Code Style Guide
This guide defines the coding standards and conventions used across the TrainLoop Evals project. Following these guidelines ensures consistency, readability, and maintainability.
General Principles
Code Quality Standards
- Readability First - Code is read 10× more than it's written
- Consistency - Follow established patterns throughout the codebase
- Simplicity - Prefer simple, clear solutions over complex ones
- Single Responsibility - Each function/class should have one reason to change
- DRY (Don't Repeat Yourself) - Avoid code duplication
- YAGNI (You Aren't Gonna Need It) - Don't build features until needed
File Organization
- Use clear, descriptive file and directory names
- Group related functionality together
- Keep file lengths reasonable (< 500 lines for most files)
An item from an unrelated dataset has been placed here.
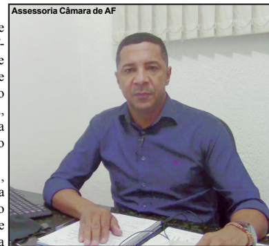
Vereador faz cobranças à concessionária

Desde que assumiu a concessão do trecho, a Via Brasil tem sido cobrada sobre investimentos, mas em resposta, como há poucos dias, declarou em Nota à imprensa que tem prazo para apresentar estudos e anunciar obras a serem feitas. Por outro lado, quem transita na via estadual que repassou a concessão por 30 anos ao consórcio,
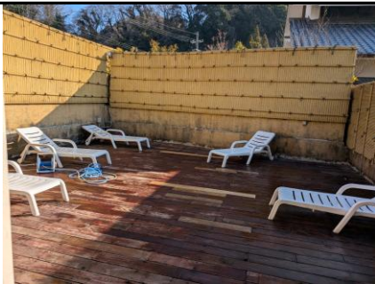
有効活用されていない外浴スペース

- Use consistent file naming conventions
Language-Specific Guidelines
Python
TrainLoop Evals uses Python 3.9+ with modern Python conventions.
Code Formatting
We use Black for code formatting with the following configuration:
# pyproject.toml
[tool.black]
line-length = 88
target-version = ['py39']
include = '\.pyi?$'
extend-exclude = '''
/(
# directories
__pycache__
| \.git
| \.hg
| \.mypy_cache
| \.tox
| \.venv
| _build
| buck-out
| build
| dist
)/
'''
Linting
We use flake8 for linting with these rules:
# .flake8
[flake8]
max-line-length = 88
extend-ignore = E203, E266, E501, W503
max-complexity = 10
exclude = .git,__pycache__,dist,build,.venv
Import Organization
Use isort for import sorting:
# Standard library imports
import os
import sys
from pathlib import Path
# Third-party imports
import click
import yaml
from pydantic import BaseModel
# Local application imports
from trainloop_cli.commands.utils import load_config
from trainloop_cli.eval_core.types import EvalResult
Type Hints
Use type hints for all public functions and complex private functions:
from typing import Dict, List, Optional, Union
from pathlib import Path
def load_config(config_path: Path) -> Dict[str, Union[str, int, bool]]:
"""Load configuration from YAML file.
Args:
config_path: Path to configuration file
Returns:
Dictionary containing configuration values
Raises:
FileNotFoundError: If config file doesn't exist
yaml.YAMLError: If config file is malformed
"""
if not config_path.exists():
raise FileNotFoundError(f"Config file not found: {config_path}")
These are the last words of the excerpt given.